Each frame is drawn on two cards, the top half on one card and the bottom half on another card. Each card is printed on the front and back. Thus half of the cards have the top of an odd frame on one side and the bottom of an even frame of the other side; and the other half of the cards have the top of an even frame on one side and the bottom of an odd frame on the other side. Luckily I could fit twelve cards on a 11″ x 17″ AxiDraw, and there are two of those, so I could print all the odd frames at once, then flip all the cards over and shuffle them around and print all the even frames, with two AxiDraws in parallel. So two AxiDraws, front and back, black outlines and three colors, made for 2*2*4 = 16 distinct svgs (actually 2*2*5=20 cuz originally the straw outlines were separate from the smiley outlines). I figured flipping and taping down the cards was more of a pain than swapping markers, so I only flipped twice (once for each AxiDraw), and swapped markers 16 times.

Reading

“A blob is an illusion of controlled chaos” (Entering the Blobosphere, Laura Hyunjhee Kim). Is the illusion the control or the chaos? I imagine you could get different blobs by approaching it in both ways.

dinkolas-Hatching

An eye generator: https://preview.p5js.org/dinkolas/present/f1BgPMhnl

I took this as an opportunity to really start developing my drawing code base, in which I implemented pretty much everything on my own, besides rendering lines, which is done with Pixi.js.
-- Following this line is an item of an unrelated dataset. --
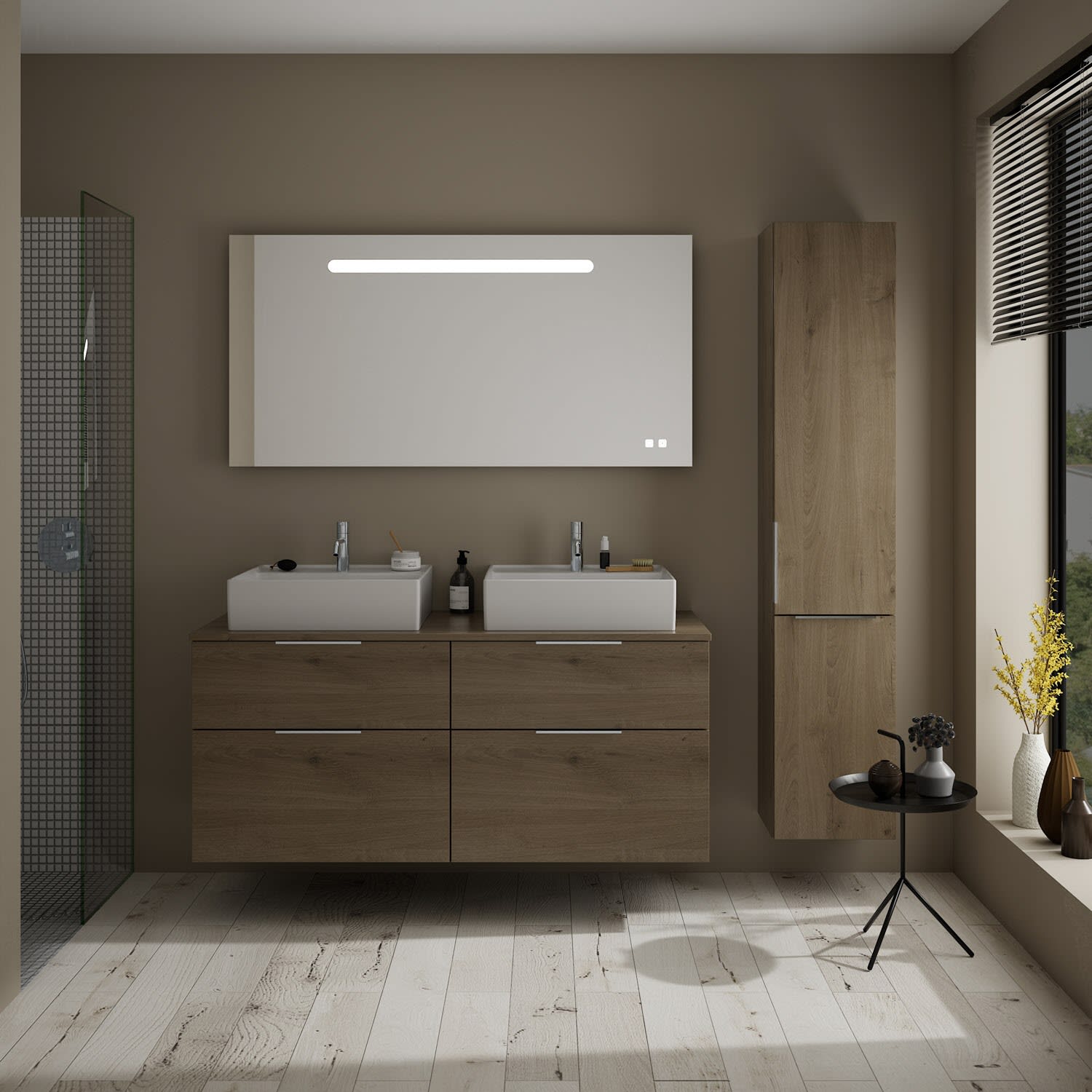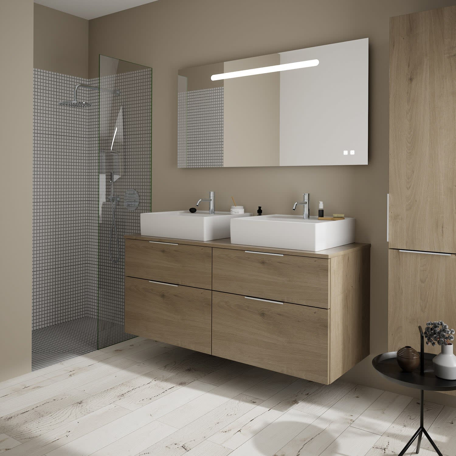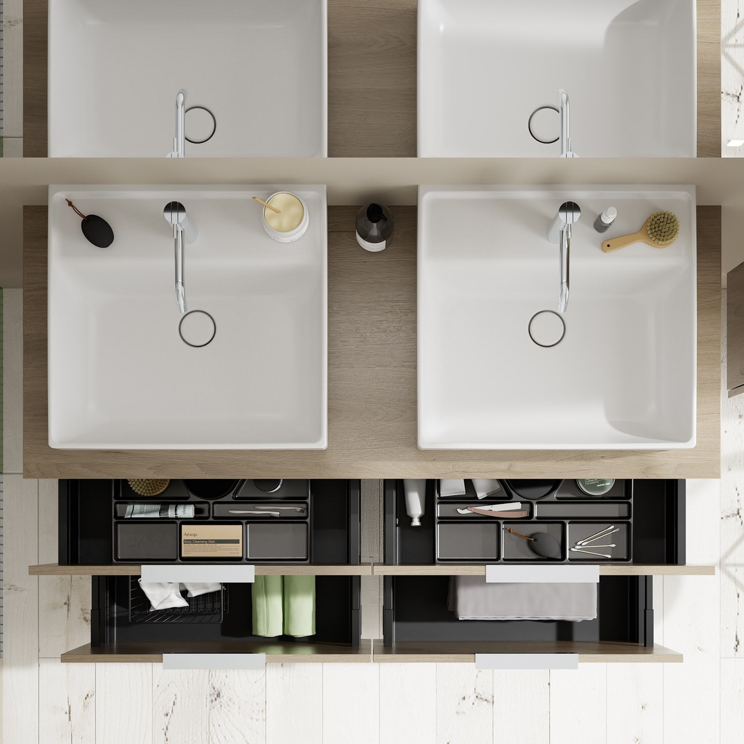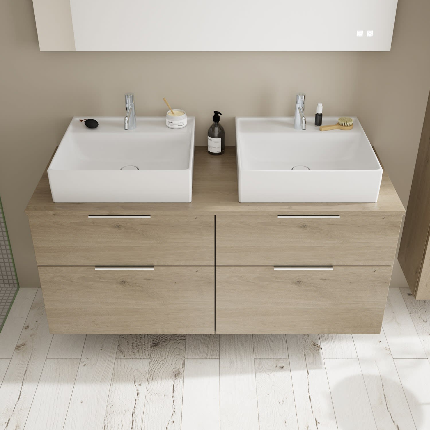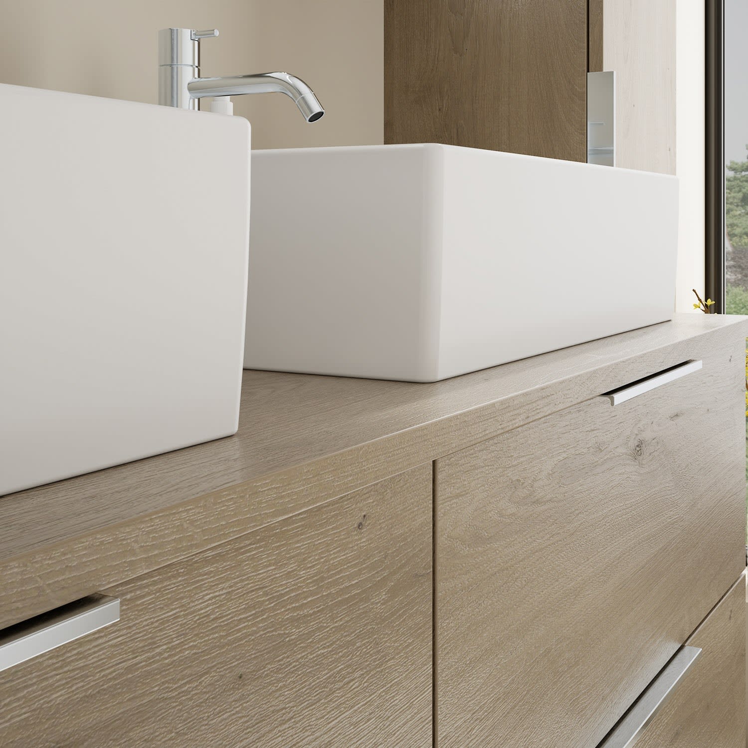 burgbad Eqio Waschtischkombination mit Keramik-Aufsatzwaschtisch 140 cm, links und rechts, mit Griff G0146

The cropping to squares is more elaborate than it looks, and I will soon have the capability to do boolean operations with arbitrary objects. This didn’t leave me quite as much room to experiment with hatchings as I would’ve wanted, but I still learned from designing these. One of the biggest challenges was convincingly filling at a given percent darkness. The first approximation treated each line as being 1 unit thick, so if there was 100 square units of space, then there would need to be 30 units of length of line to fill 30% darkness. However, depending on different patterns, this 30 units either felt too dark or too light for 30%. I imagine more experimentation will give a better intuition for this. The most interesting one to me was the eyeball hatching, which ended up taking the longest to plot due to lots of small details. I suspect that much of this detail could’ve been removed without impacting the final look, so getting detail on the right scale would be good.

dinkolas-Drawingbots

I found the different material problems people were running into interesting – with pens it’s nibs, with laser cutters it’s heat, with knitting it’s trouble with the fabric, etc. However, people across these different media seem to be happy sharing advice. The interdisciplinary nature of it is pretty cool.